We use the BMA method to generate probabilistic inflow forecasts from the raw ensemble inflow forecasts, the calibration period (2008–2011) and the validation period (2012–2013) are consistent with the ANN models. For calculation convenience, the conditional distribution of the ensemble members is supposed to follow Gaussian distribution (Duan et al. 2007). The Box-Cox transformation is performed on the observed inflow series and the ensemble inflow forecasts to make them more Gaussian distributed. The transformed and original series are plotted in Figure 7. Since the ensemble member number is large, only one inflow forecast member is chosen arbitrarily to display the Box-Cox transformation performance. It can be seen clearly that the original inflow series are non-Gaussian distributed. After the Box-Cox transformation, the observed and ensemble forecasting inflow series are very close to the theoretical Gaussian distribution probability curve, which proves that the transformed series can satisfy the Gaussian assumption well.

Figure 7

Comparisons between original (solid line) and the Box-Cox transformed inflows (asterisks).

Figure 7

Comparisons between original (solid line) and the Box-Cox transformed inflows (asterisks).

Figure 8 shows the PIT histogram of the raw ensemble forecasts and the BMA probabilistic forecasts during the validation period.

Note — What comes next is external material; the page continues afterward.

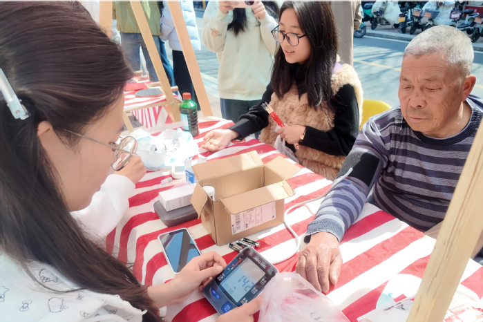 作为本次活动核心亮点,“雷锋精神传薪火,科创筑梦暖市集” 五大互动板块同步亮相,集公益、科普、运动、急救、科创于一体,让志愿精神可感可触、入脑入心。“闲置续温暖,知识悟雷锋”摊位人气高涨,学子踊跃捐赠旧衣旧书,兑换绿植、蔬菜,实现资源循环与爱心传递。“‘乒’搏健康,趣味投‘乓’”板块设置乒乓球颠球、趣味投篮等项目,同学们在运动中释放活力、增进协作,将阳光体育精神与志愿同行理念深度融合,展现蓬勃向上的青春风貌。急救科普专区成为热门打卡点,志愿者为校园保洁人员开展爱心义诊,提供血压、血糖检测等健康服务,把医学专业知识转化为守护生命的坚实力量,传递校园温情与医者担当。科创体验区亮点纷呈,无人机凌空展示、机器狗互动体验等项目点燃探索热情,同学们近距离感受科技与医学融合的魅力,以科技之力拓展志愿服务新边界。活动同步开展反非法传教、校园交通安全宣讲,引导师生增强安全意识、遵守校园规范,共同营造文明、安全、和谐的校园环境,以志愿行动守护校园平安。

The CD values are calculated by Equation (19) and shown in the figures. The reference line of a perfectly flatted histogram is also shown on each plot, which is a function of the number of the bins and the sample size (Bourdin et al. 2014). Figure 8 clearly illustrates that the raw ensemble forecasts are highly unreliable. The PIT values are seldom distributed at the center of the probabilistic density, while the first and last bins almost accounted for the whole ensemble. After probabilistic calibration using the BMA method, the reliability of the probabilistic forecasts is effectively improved. Many more PIT values are distributed at the center of the probabilistic density. The PIT histograms of the BMA probabilistic forecasts are more flat compared with the raw ensemble ones, although the first and last bins still have more PITs. The metric CD is more intuitional than the PIT histogram. For each lead time, the CD value of the BMA probabilistic forecasts is much smaller than that of the raw ensemble forecasts. Results indicate that the BMA probabilistic inflow forecasts are more reliable than the raw ensemble ones.

Figure 8

Comparisons of PIT histograms for the raw ensemble inflow forecasts and the BMA probabilistic inflow forecasts with 1–3 d lead times.

Figure 8

Comparisons of PIT histograms for the raw ensemble inflow forecasts and the BMA probabilistic inflow forecasts with 1–3 d lead times.

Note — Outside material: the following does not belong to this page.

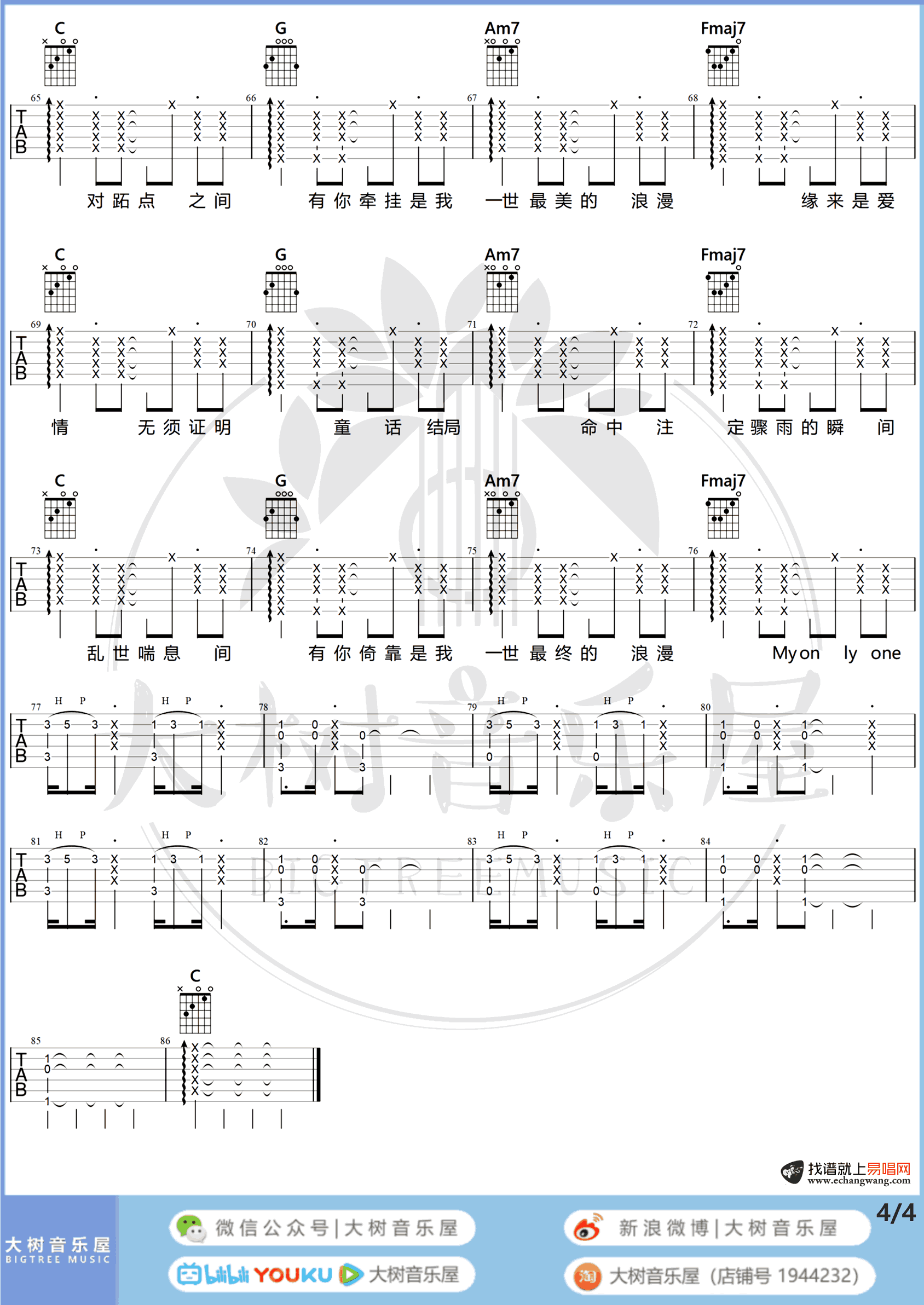 - My Only One吉他谱_郑中基_C调_吉他弹唱演示

Figure 9 shows the CRPS and IGN values of the raw ensemble forecasts and the BMA probabilistic forecasts for each lead time during the validation period. The CRPS can represent both the reliability and the sharpness of the probabilistic forecasts and the IGN is a metric that illustrates the ability of the probabilistic forecasts' concentration at the right area. It can be seen from Figure 9 that the CRPS values of the BMA probabilistic inflow forecasts are lower than the raw ensemble ones. This indicates that the BMA probabilistic inflow forecasts have better performance than the raw ensemble inflow forecasts for all three lead times. It is also noted that this advantage becomes less significant when the lead time increases. The results of the IGN values in Figure 9 are in agreement with the CRPS values.

Figure 9

Comparison between the evaluation metrics of the raw ensemble inflow forecasts (dashed line) and the BMA probabilistic inflow forecasts (solid line).

Figure 9

Comparison between the evaluation metrics of the raw ensemble inflow forecasts (dashed line) and the BMA probabilistic inflow forecasts (solid line).

Another finding in Figure 9 is that the IGN values of the raw ensemble inflow forecasts show a descending trend with the lead time, indicating the raw ensemble inflow forecasts with longer lead time can better contain the correct areas. This is caused by the ensemble generation method which couples TIGGE NWP with ANN models. With the lead time increases, more NWP data are used as model inputs and additional uncertainty are introduced into the ensemble forecasting results. As shown in Figure 6, the metrics with a 3 d lead time have the widest spreads, which indicates that the 3 d members are less sharp or consistent than the 1 and 2 d results. The 1 d raw ensemble inflow forecasts are the sharpest and have the highest IGN, which indicates that the 1 d raw ensemble forecasts are sharp but less reliable. Results show the raw ensemble forecasts fail to balance the sharpness and the reliability. After applying the BMA method, it is observed that the trends of the two metrics (CRPS and IGN) are consistent, i.e. the probabilistic inflow forecasts with longer lead time are less reliable and sharp.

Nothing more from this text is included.